■ TASK ITEM
Your reply should reproduce the data below without a single alteration, apart from dropping the images.
++++++++++++++++++++
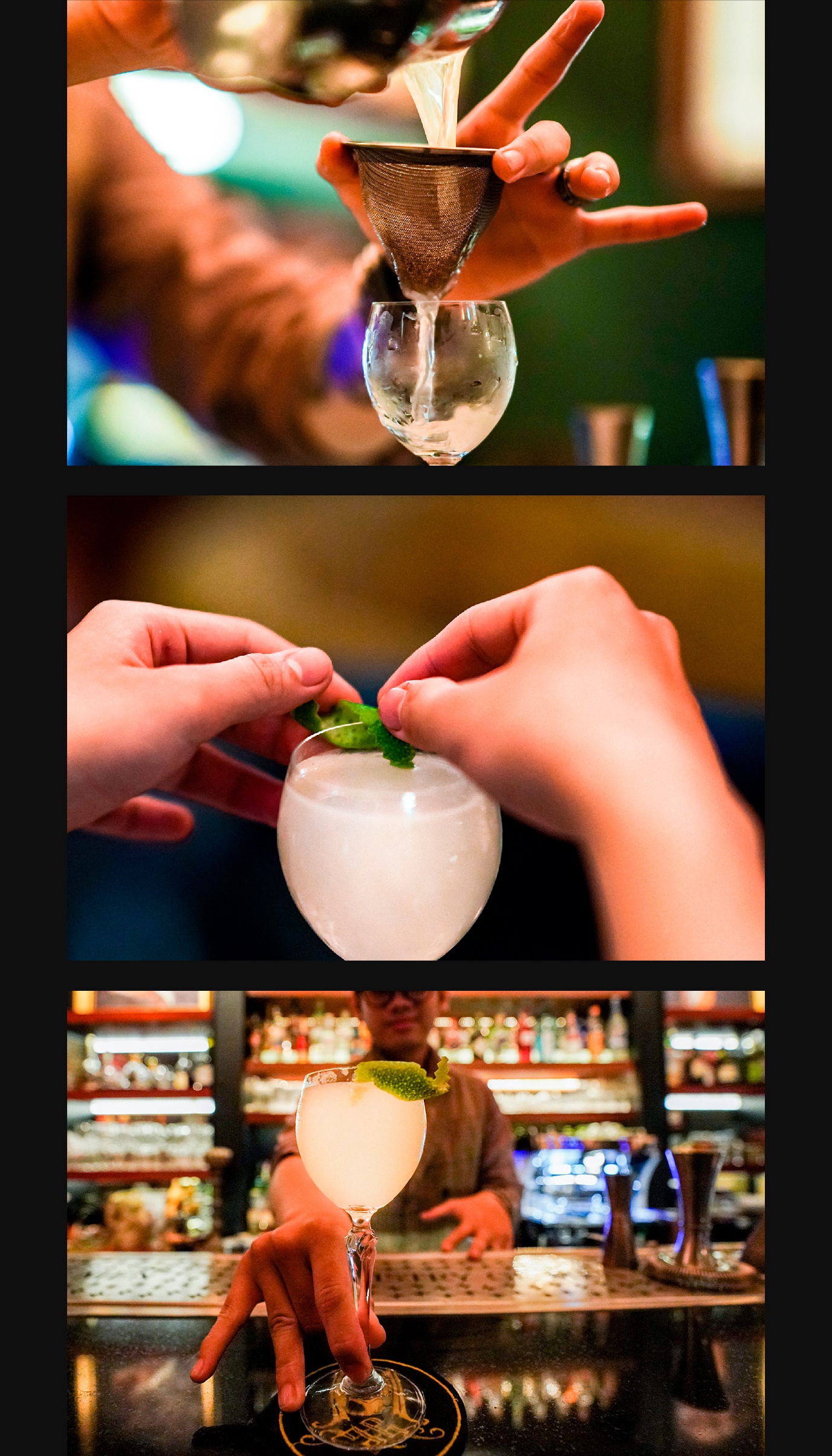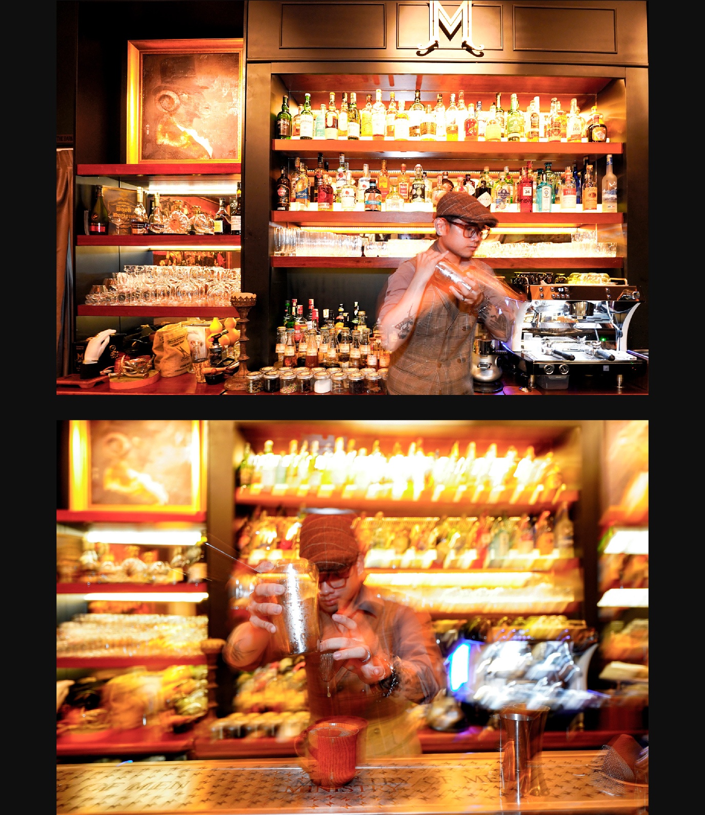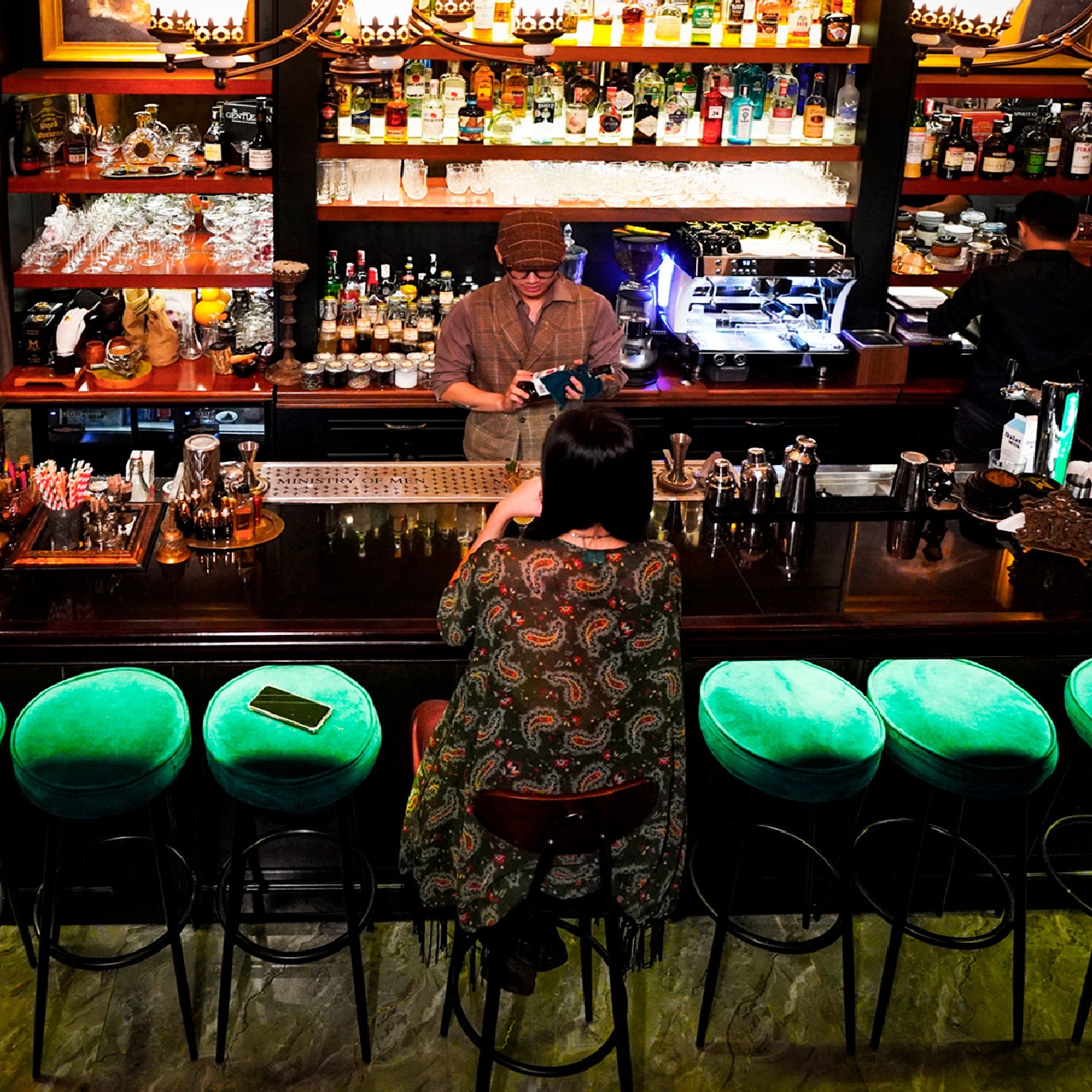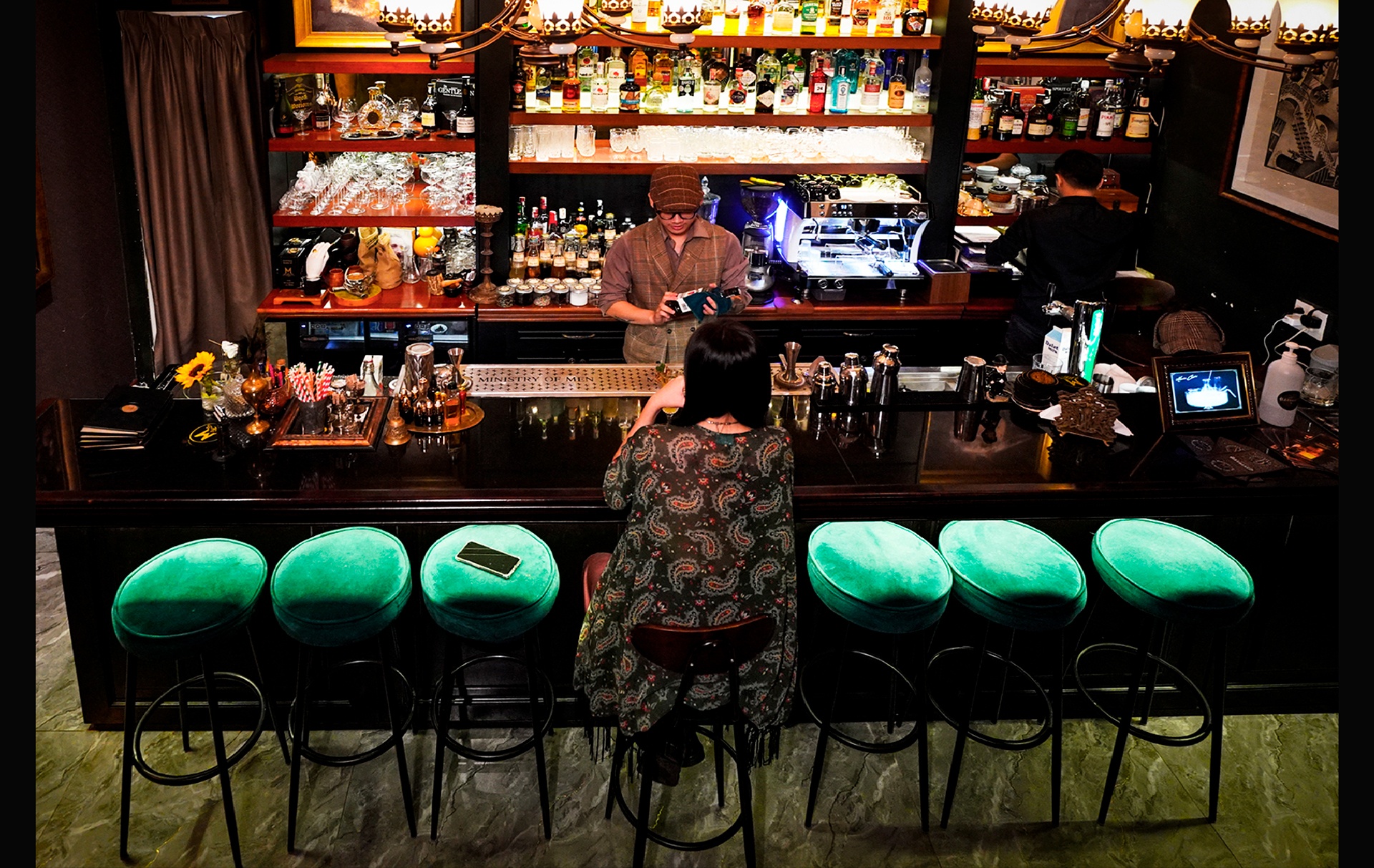 Thông thường, nếu đi thành nhóm đông hay từng cặp, khách hàng có thể ngồi ở dãy bàn cao hay sô pha lớn phía ngoài. Do chỉ có một mình, tôi chọn vị trí ngồi ở khúc giữa quầy bar nhằm dễ dàng theo dõi các bartender làm việc và tham gia vào cuộc vui cùng những vị khách khác.
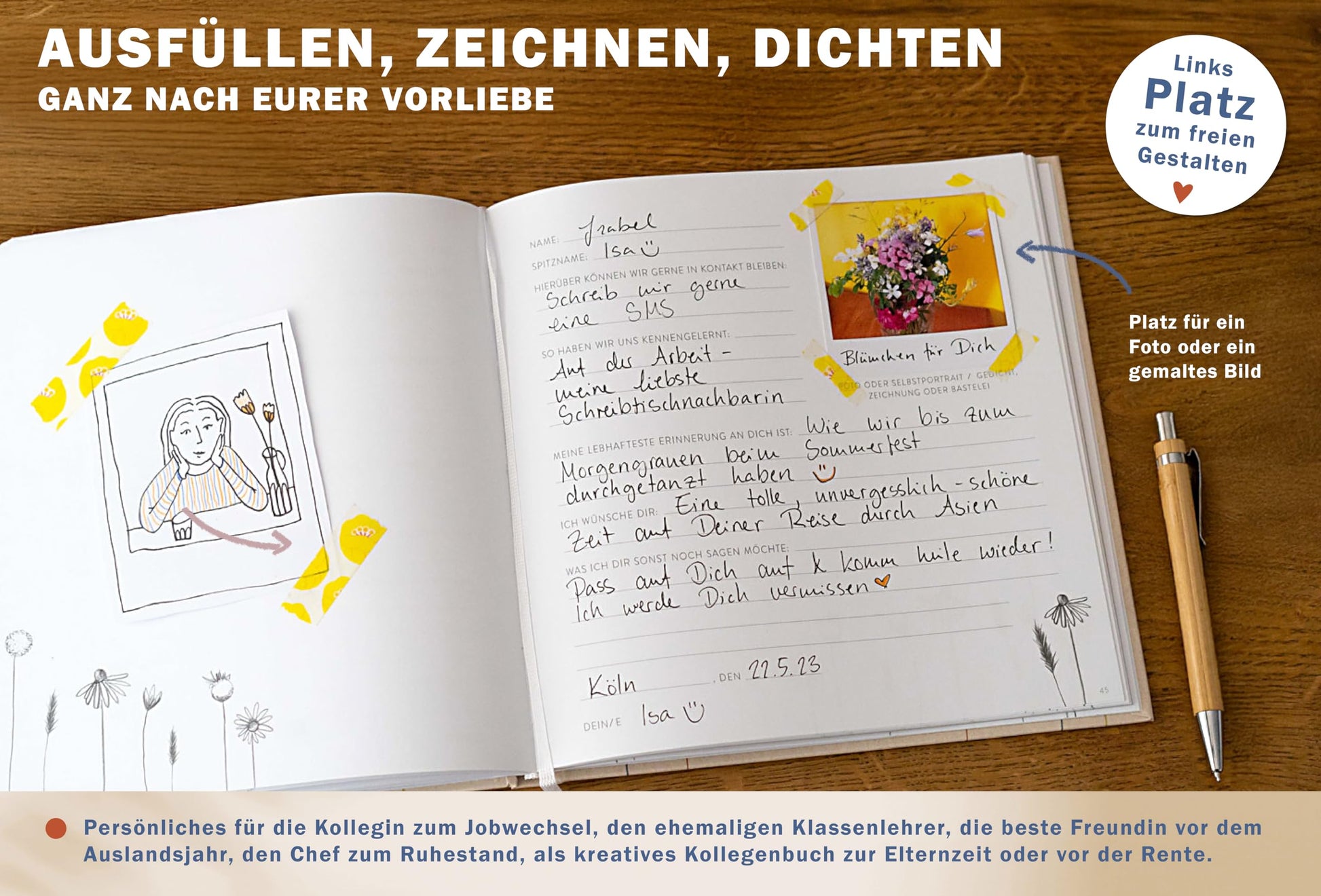 "THE GOOD PART: Your personal farewell letters, best wishes, and funny anecdotes will be stylishly collected and framed as small treasures – a profile book for farewells with plenty of space for photos, individual vouchers, small drawings, and poems",
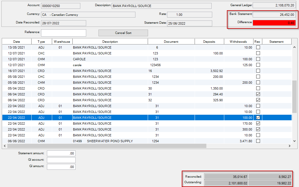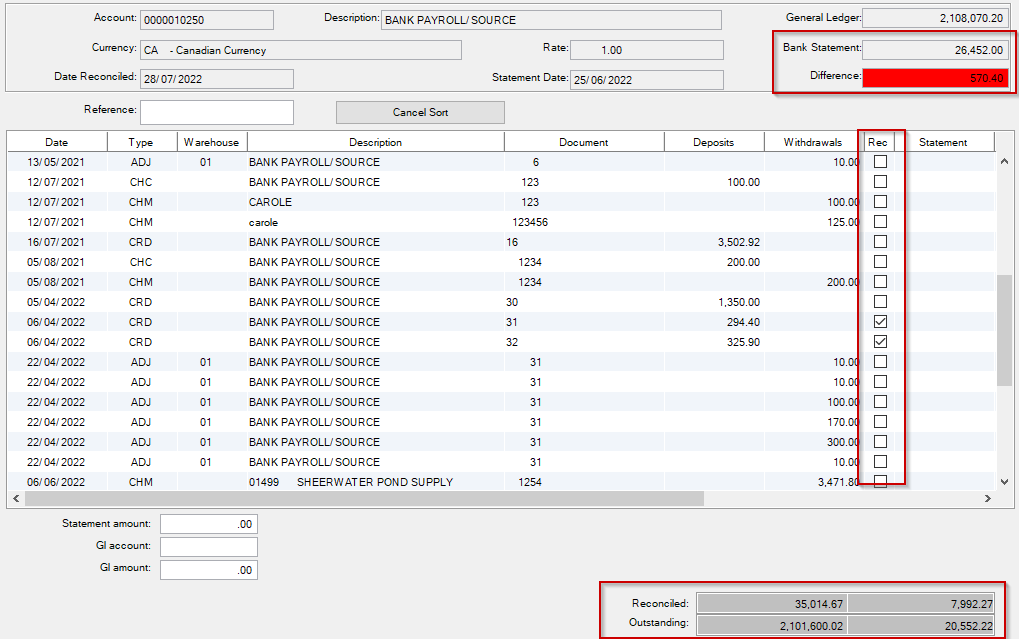 as the user clicks the transactions, the system will recalculate the reconciled amount and the difference as shown below:
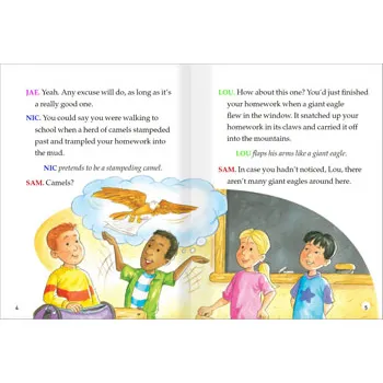 Any Excuse is a lively and clever play that follows a boy who forgets his homework, only for his friends to brainstorm wild and wonderful excuses to help him out. The story escalates with humour and creative ideas until the teacher delivers the most unexpected excuse of all. With a strong focus on the conventions of script writing, this text offers an ideal opportunity to explore dialogue, stage directions, and dramatic structure. The detailed and expressive illustrations add layers to the story, supporting visual comprehension. The language features are rich and varied, from colloquial speech and contractions to descriptive past-tense verbs and onomatopoeia. Students are encouraged to engage with themes of honesty, problem-solving, and creative expression. With opportunities to perform and interpret the text, Any Excuse makes an entertaining and educational resource for building oral fluency, understanding character motivation, and analysing text format.
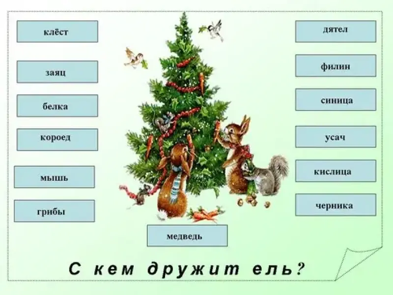 - Заполните схему "С кем дружит ель?", используя увиденную инсценировку и дополните своими примерами.
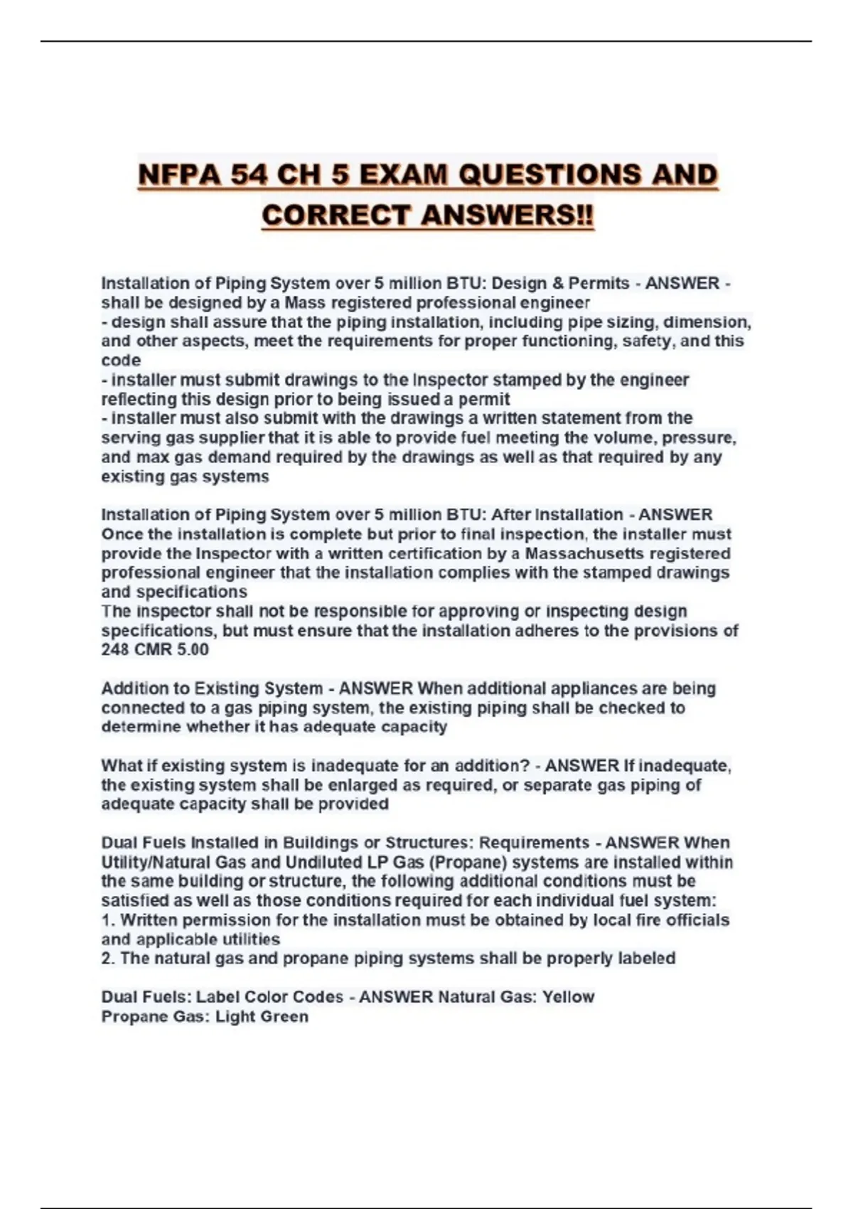 NFPA 54 CH 5 EXAM QUESTIONS AND CORRECT ANSWERS!!...
++++++++++++++++++++
■ OUTPUT FOR THIS TASK
 Thông thường, nếu đi thành nhóm đông hay từng cặp, khách hàng có thể ngồi ở dãy bàn cao hay sô pha lớn phía ngoài. Do chỉ có một mình, tôi chọn vị trí ngồi ở khúc giữa quầy bar nhằm dễ dàng theo dõi các bartender làm việc và tham gia vào cuộc vui cùng những vị khách khác.
 "THE GOOD PART: Your personal farewell letters, best wishes, and funny anecdotes will be stylishly collected and framed as small treasures – a profile book for farewells with plenty of space for photos, individual vouchers, small drawings, and poems",
 as the user clicks the transactions, the system will recalculate the reconciled amount and the difference as shown below:
 Any Excuse is a lively and clever play that follows a boy who forgets his homework, only for his friends to brainstorm wild and wonderful excuses to help him out. The story escalates with humour and creative ideas until the teacher delivers the most unexpected excuse of all. With a strong focus on the conventions of script writing, this text offers an ideal opportunity to explore dialogue, stage directions, and dramatic structure. The detailed and expressive illustrations add layers to the story, supporting visual comprehension. The language features are rich and varied, from colloquial speech and contractions to descriptive past-tense verbs and onomatopoeia. Students are encouraged to engage with themes of honesty, problem-solving, and creative expression. With opportunities to perform and interpret the text, Any Excuse makes an entertaining and educational resource for building oral fluency, understanding character motivation, and analysing text format.
 - Заполните схему "С кем дружит ель?", используя увиденную инсценировку и дополните своими примерами.
 NFPA 54 CH 5 EXAM QUESTIONS AND CORRECT ANSWERS!!...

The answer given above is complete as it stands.